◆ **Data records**
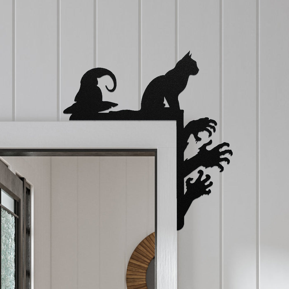 Personalisierte Halloween Katze und Hut Metall Tür Eckschild
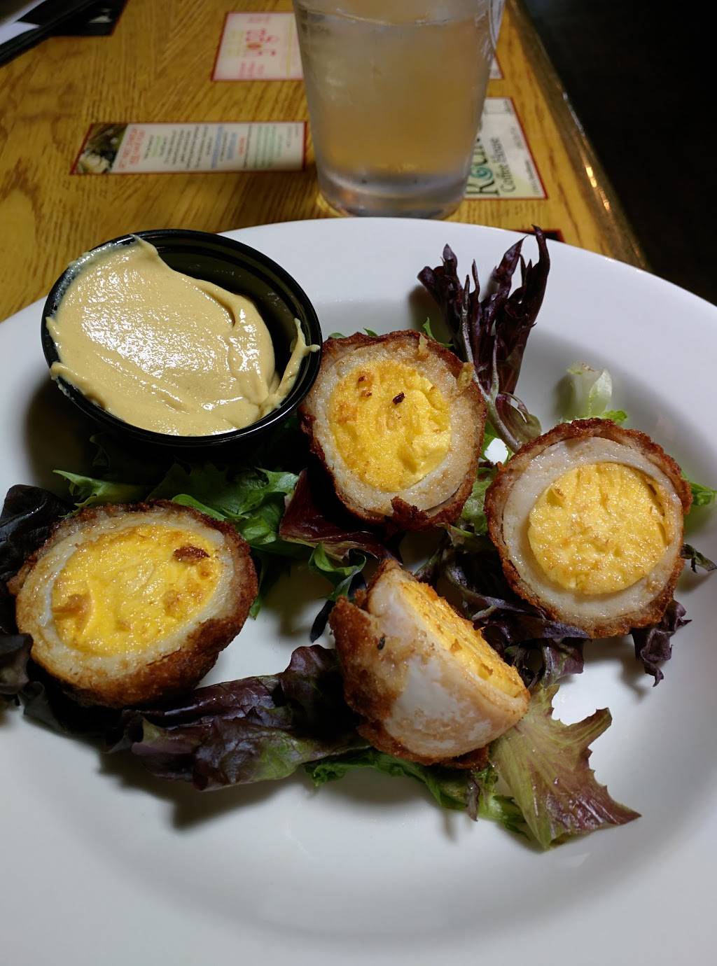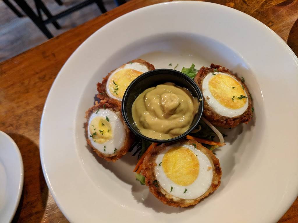 The waitress was very friendly and attentive. The atmosphere was very nice and the restaurant was clean. The menu choices all sounded wonderful. They have a lot to choose from. Everything I had here was very yummy. Most places garnish water with lemon, but they used cucumber. How absolutely refreshing!! The draw to this establishment for me though, Scotch Eggs on the menu!!! Scrumptious!! Can't wait to revisit!
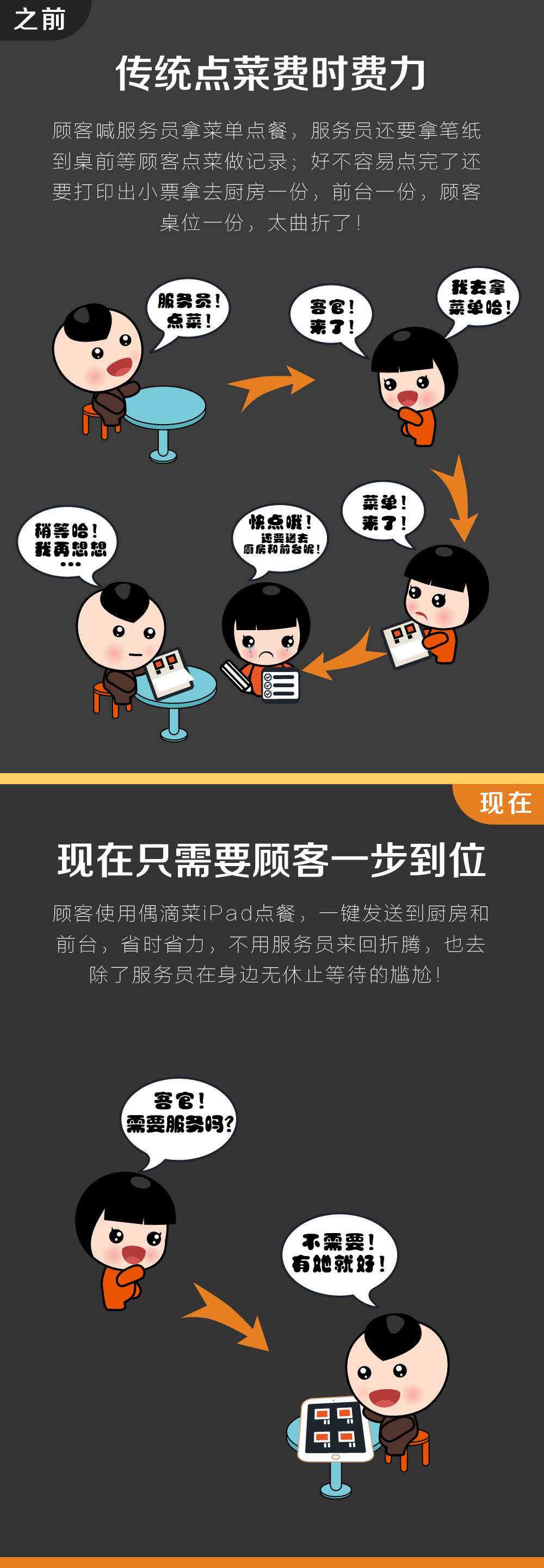 传统菜单和服务员记录单都很浪费纸张,每次换菜单设计费用极高,耗时久,偶滴菜有效解决了这个问题!
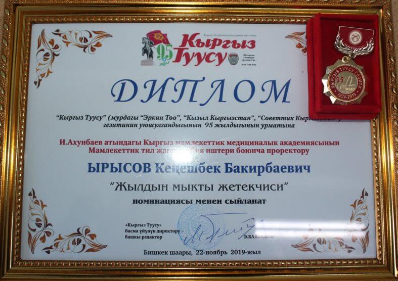 Vice-rector of the KSMA named after I.K. Akhunbaeva on the state language and educational work, Professor Keneshbek Yrysov was named “the best leader of the year” according to the republican newspaper “Kyrgyz Tuusu”. He was awarded a diploma and an editorial badge. The vice-rector was warmly congratulated on the next award by the heads of the university, as well as his colleagues and friends. Vice-rector of KSMA.
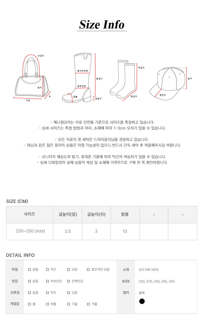| 제품 측정 방법에 따라 1~3cm 오차가 발생할 수 있으며, 사이즈는 단면으로 측정됩니다 | ||
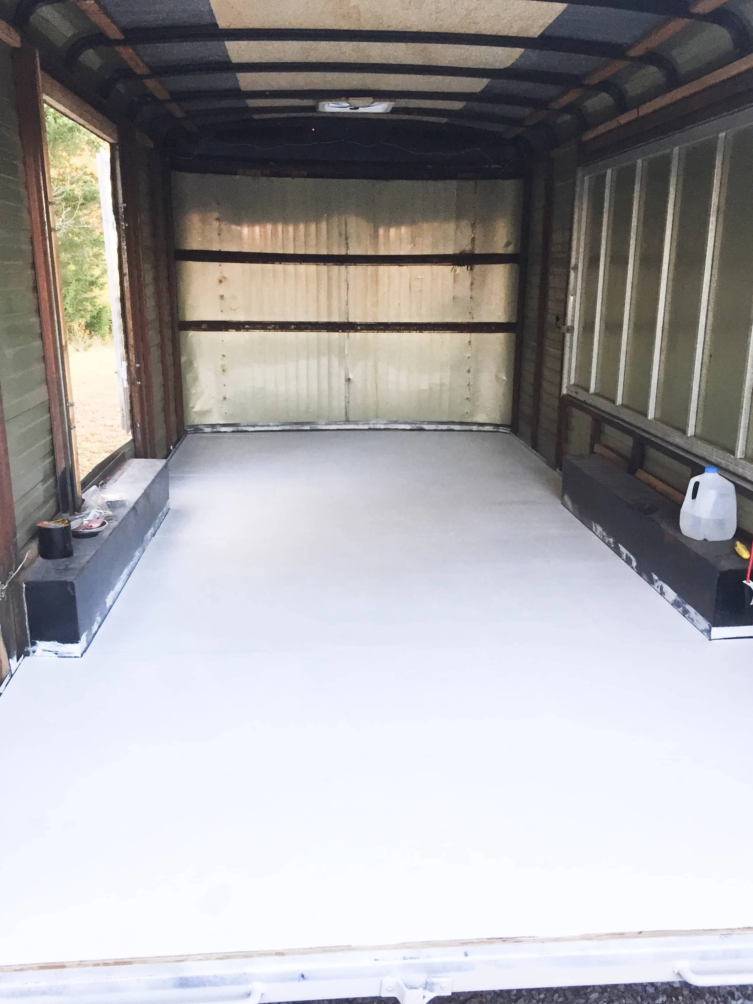 The final step for the floors was a paint finish. The cure time led to another bout of impatience. For the second coat, we knew we were teetering on the edge of prematurity so I decided to take my shoes off. I was paint-rolling my way towards the back door when my socks started to stick. Each step got a little worse and by the time I was halfway out, the floor stole my right sock. I decided it would be an inconvenient memento to leave and managed to extract it. Whether I was leaving my mark on the trailer or it was taking a bit of me is up for debate.
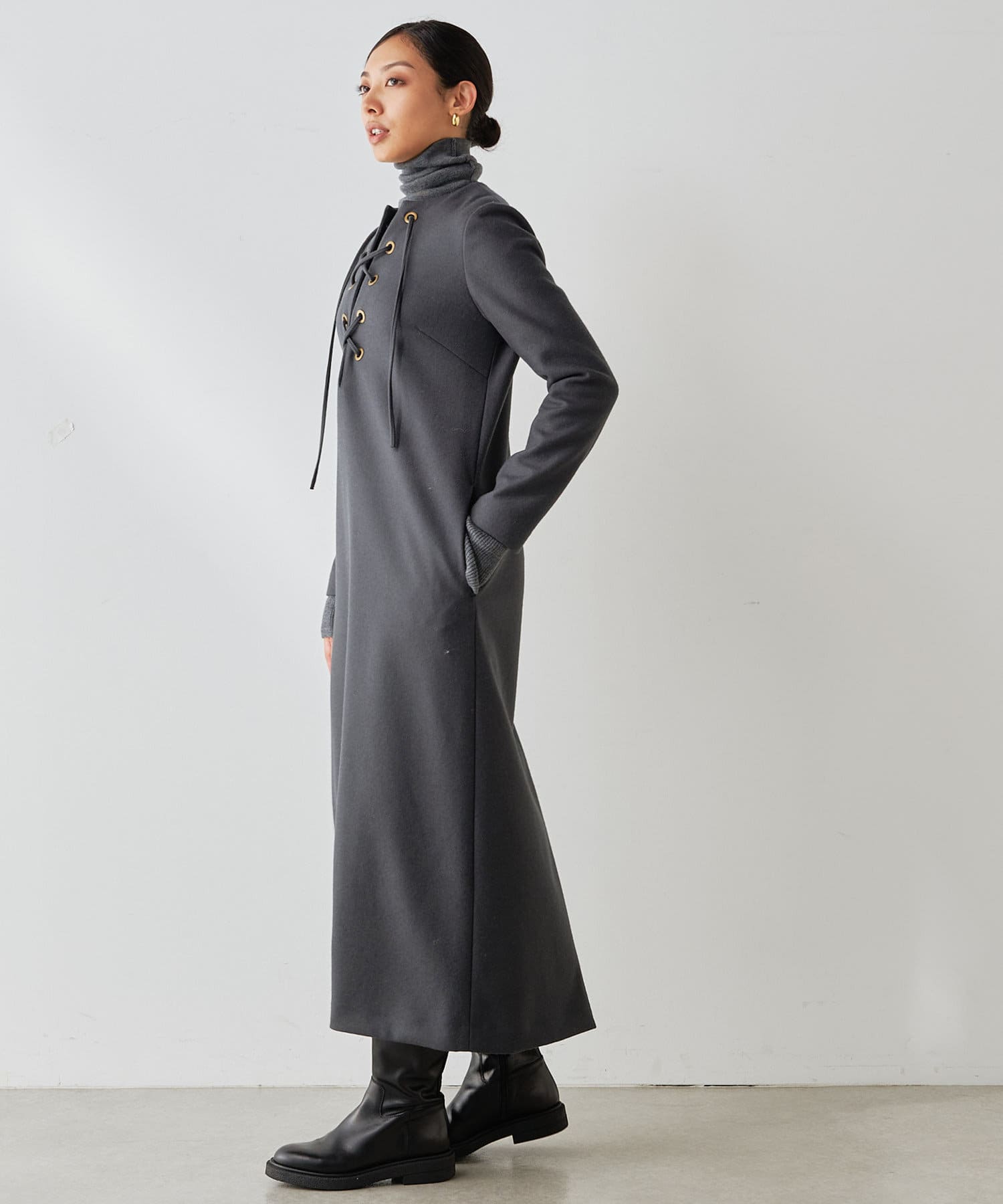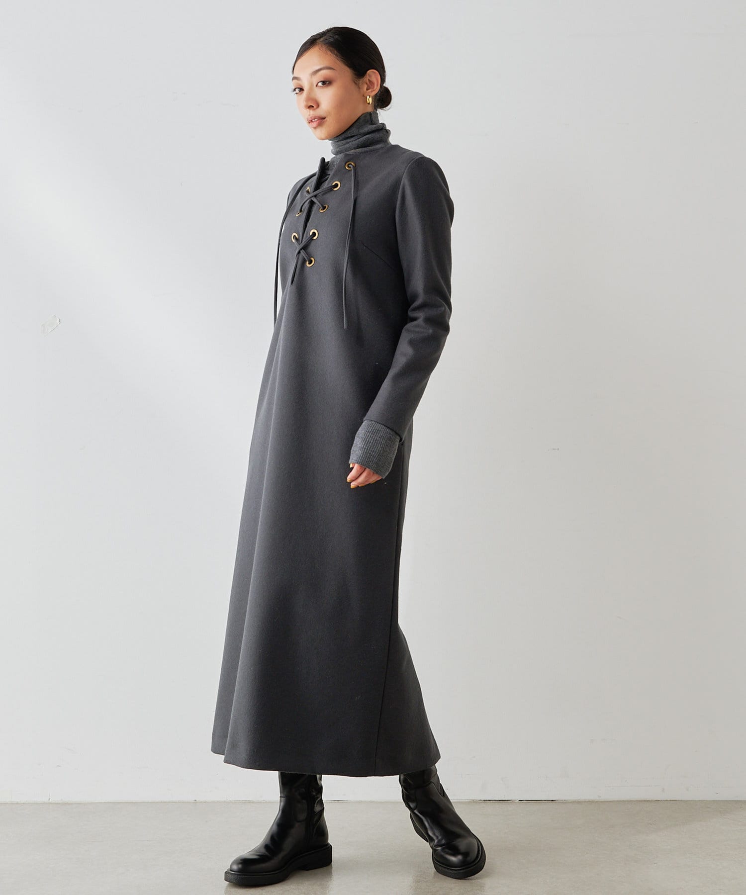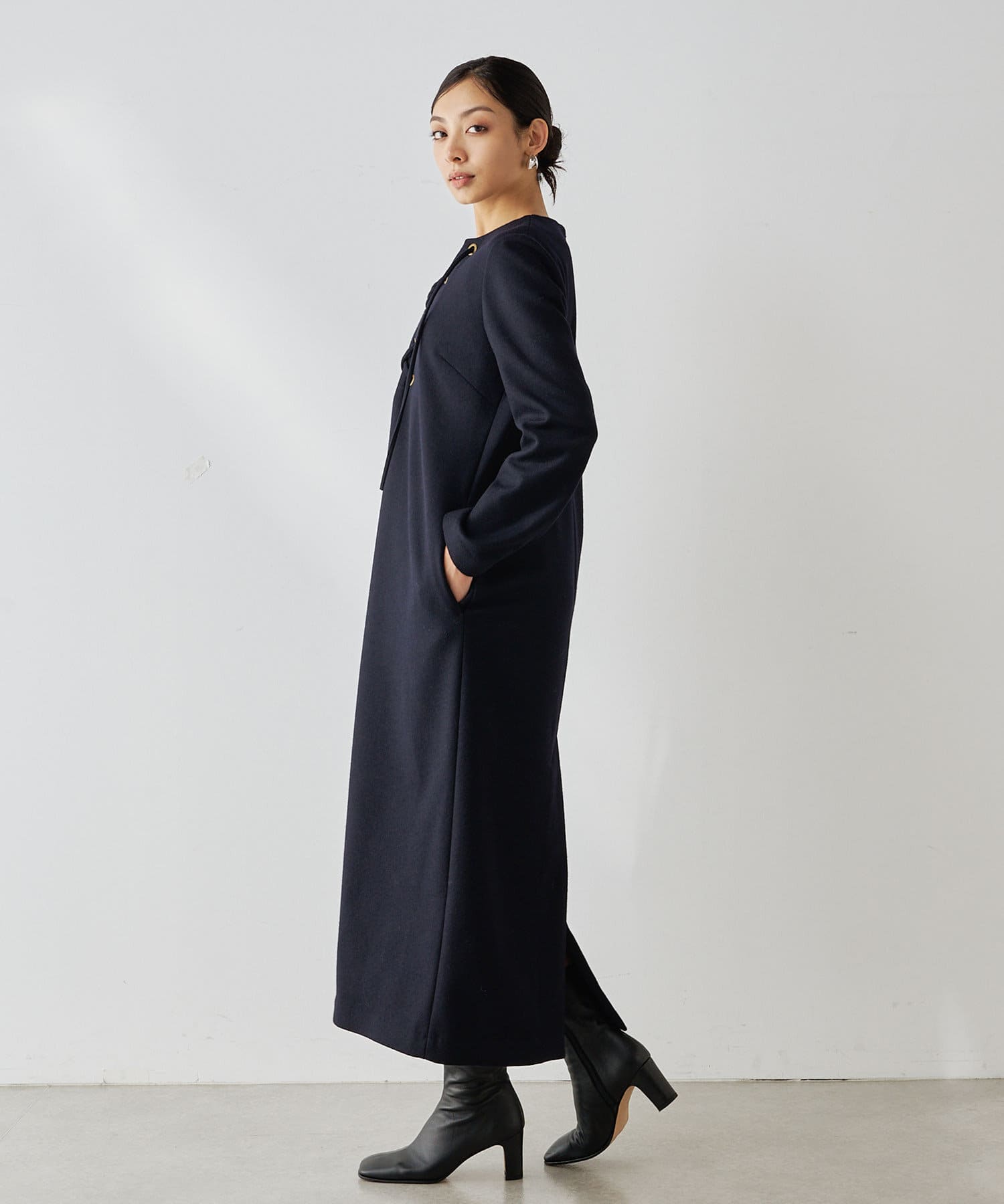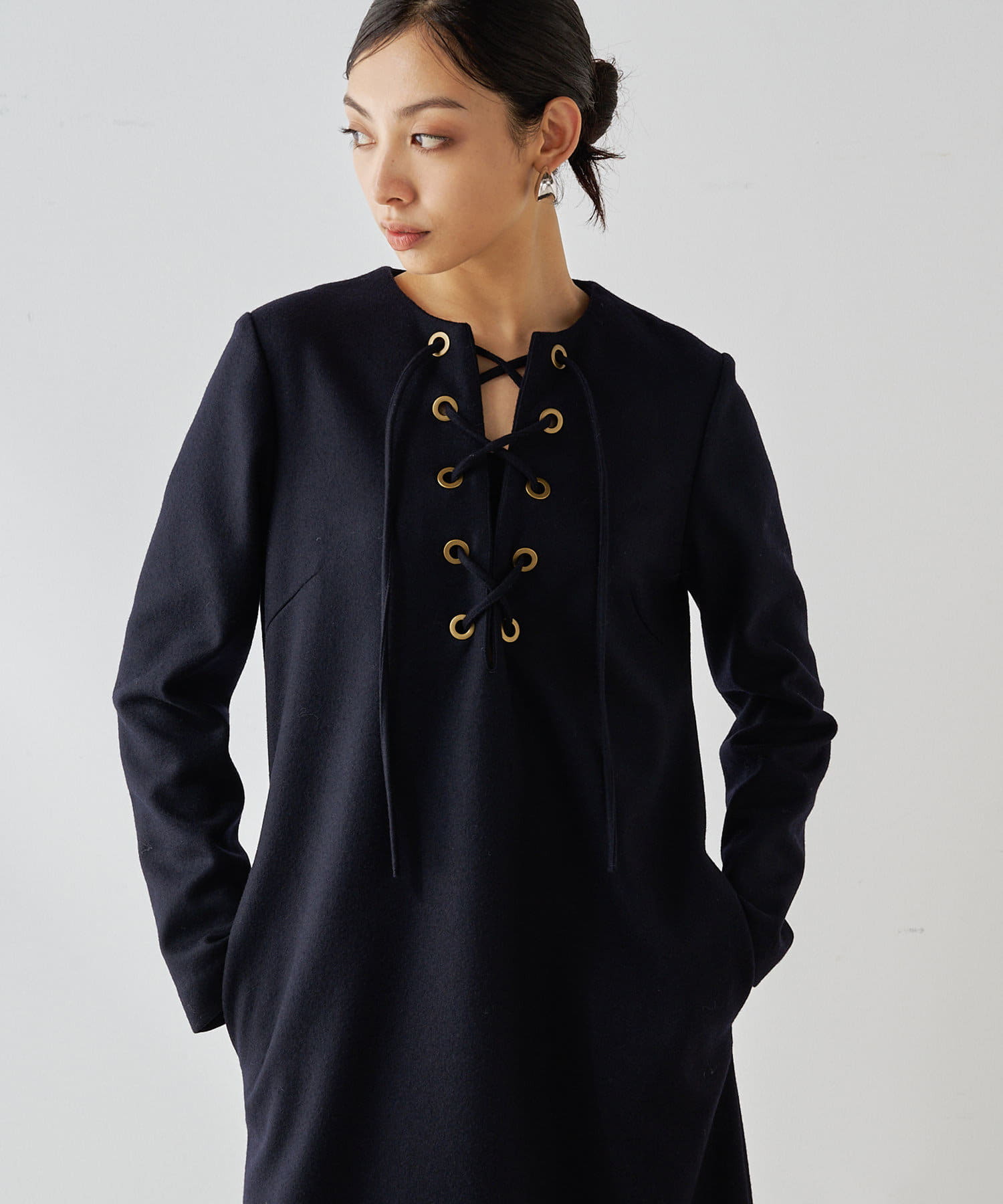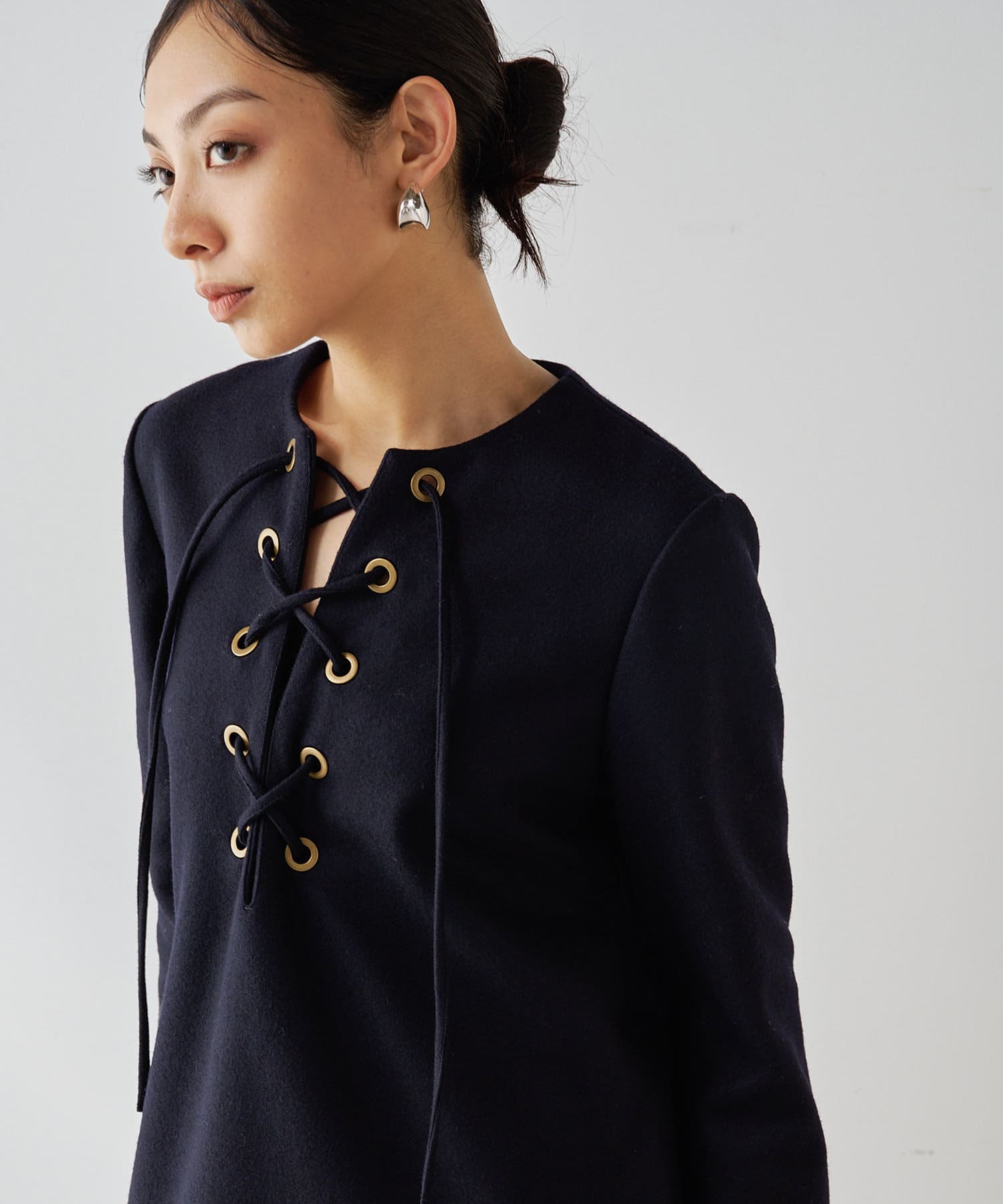 ■一枚でさらりと着るのはもちろん、インナーにタートルネックなどを重ねても◎。
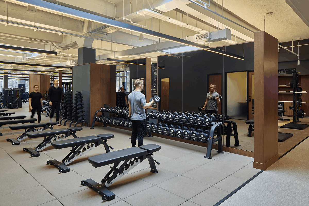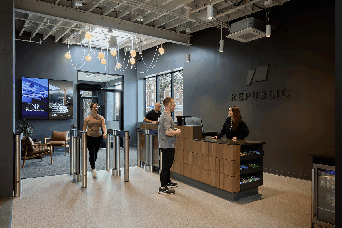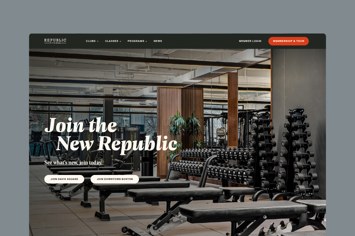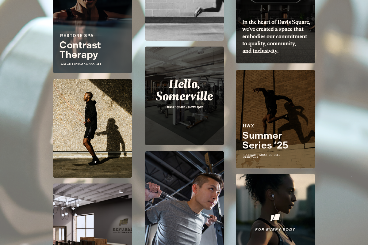 Our decade-long partnership with the Healthworks Group blends brand strategy with architecture. Having created the original Republic Fitness brand in 2014, we were re-engaged in 2024 to lead both the strategic brand realignment and the architectural design for their new Davis Square location.
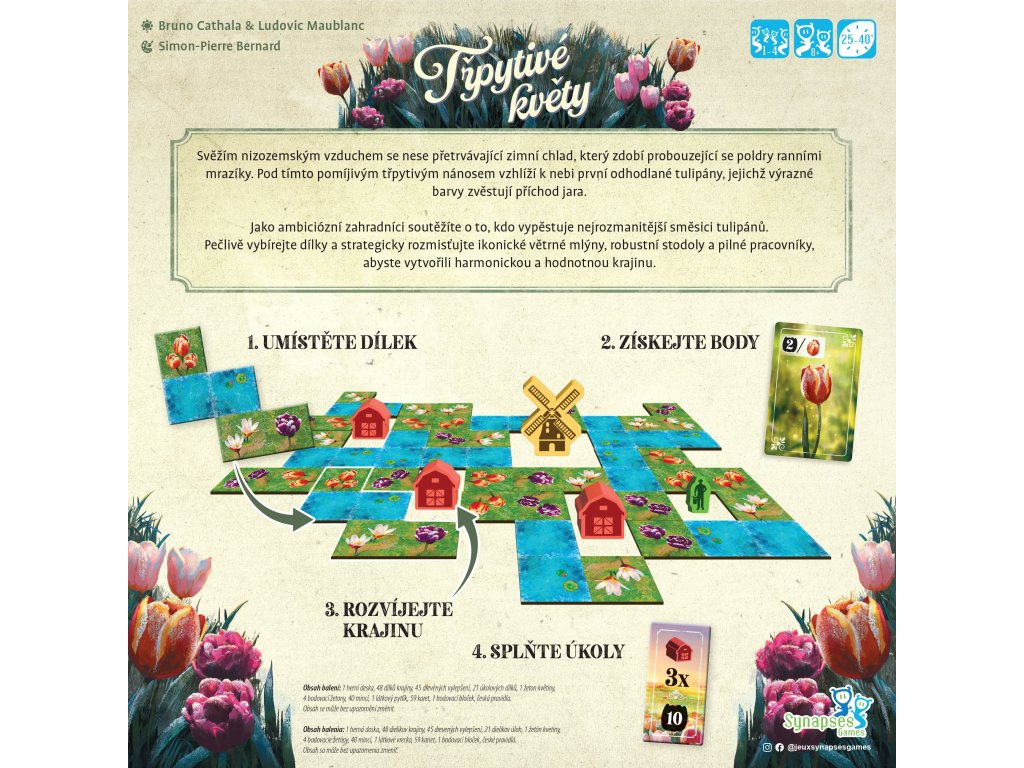 Jako ambiciózní zahradníci mezi sebou soutěžíte o to, kdo vypěstuje nejrozmanitější a nejhodnotnější tulipánovou zahradu. Pečlivě vybírejte dílky krajiny a strategicky rozmisťujte ikonické větrné mlýny, robustní stodoly a pilné pracovníky, abyste vytvořili harmonickou a bodově výnosnou krajinu.

◆ **TASK REQUIREMENTS**
Repeat the lines exactly as they stand, from the opening line of the data through the line with "传统菜单和服务员记录单都很浪". Pictures stay out of the copy.

◆ **ANSWER SPACE**
 Personalisierte Halloween Katze und Hut Metall Tür Eckschild
 The waitress was very friendly and attentive. The atmosphere was very nice and the restaurant was clean. The menu choices all sounded wonderful. They have a lot to choose from. Everything I had here was very yummy. Most places garnish water with lemon, but they used cucumber. How absolutely refreshing!! The draw to this establishment for me though, Scotch Eggs on the menu!!! Scrumptious!! Can't wait to revisit!
 传统菜单和服务员记录单都很浪费纸张,每次换菜单设计费用极高,耗时久,偶滴菜有效解决了这个问题!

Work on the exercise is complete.